- _ASSIGNMENT_: From the first line of the material below through the line containing "Cozy mustard cardigan", print every line exactly as it stands, but no pictures.

- _SOURCE DATA_:
== == ==
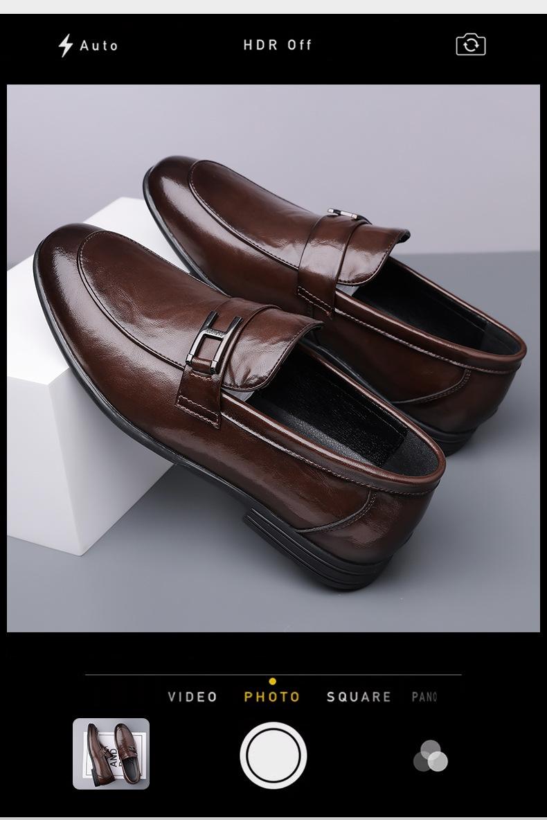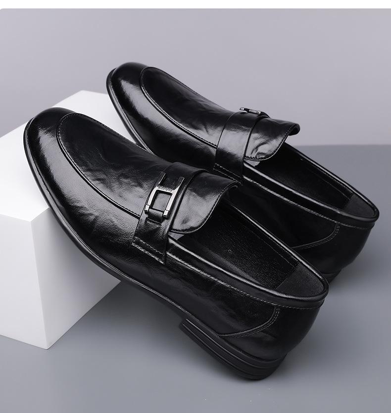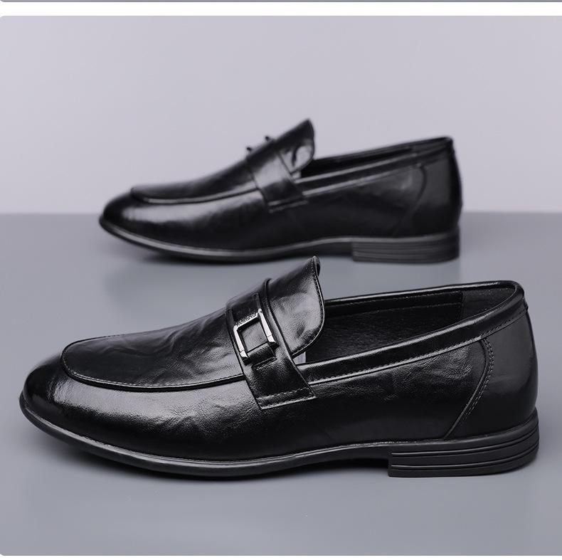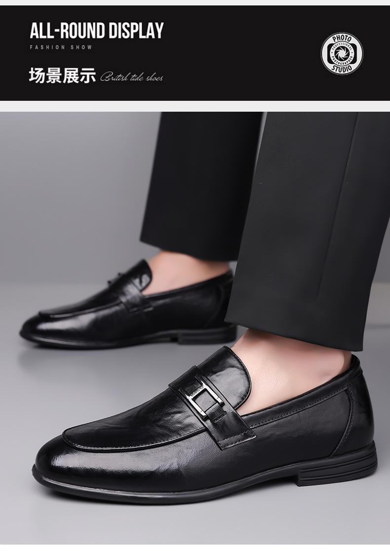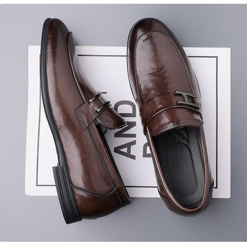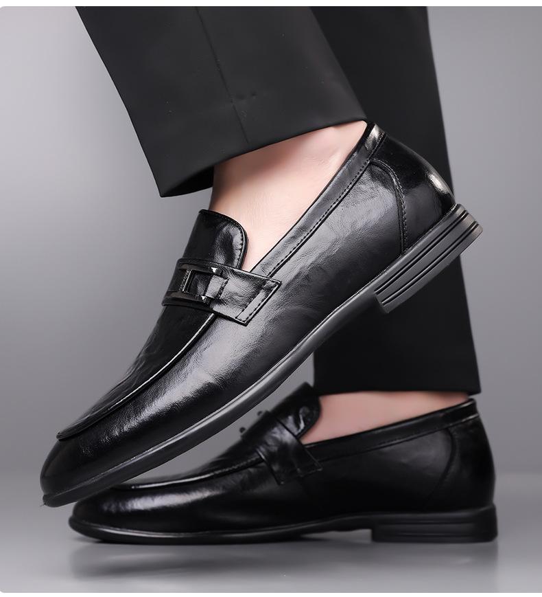 Envío directo transfronterizo otoño 2025 nuevos zapatos de cuero casuales de negocios para hombre zapatos de cuero de suela blanda para hombre cosidos a mano sin cordones
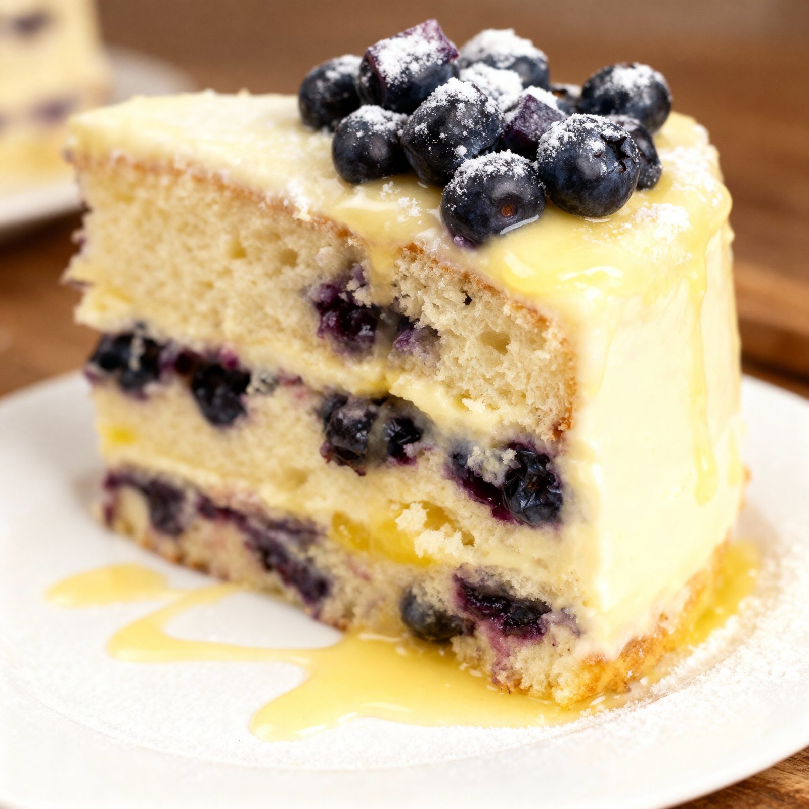 A moist and flavorful Lemon Blueberry Cake made with fresh or frozen blueberries and a bright lemon glaze, perfect for a refreshing dessert.
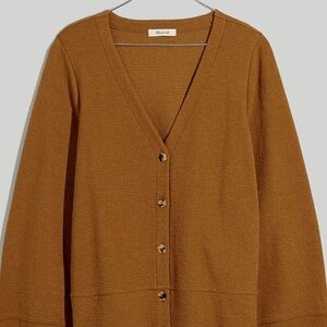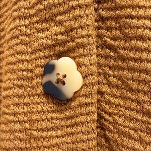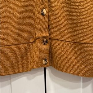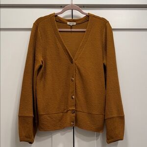 Cozy mustard cardigan with button front. Soft knit fabric. Perfect for layering.
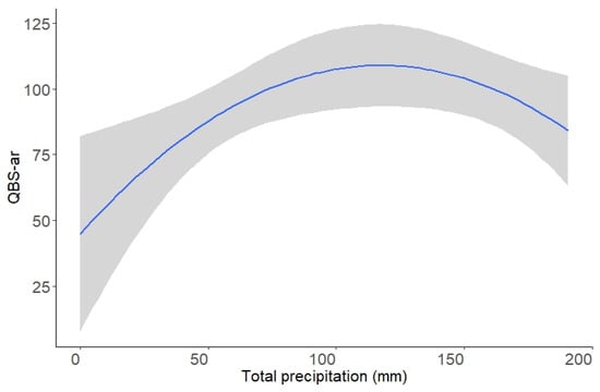 - Total cumulative precipitation (Prec_t) was positive related to QBS-ar, i.e., an increase in total precipitation increased the estimated QBS-ar value.
== == ==
- _PROBLEM SOLUTION_:
 Envío directo transfronterizo otoño 2025 nuevos zapatos de cuero casuales de negocios para hombre zapatos de cuero de suela blanda para hombre cosidos a mano sin cordones
 A moist and flavorful Lemon Blueberry Cake made with fresh or frozen blueberries and a bright lemon glaze, perfect for a refreshing dessert.
 Cozy mustard cardigan with button front. Soft knit fabric. Perfect for layering.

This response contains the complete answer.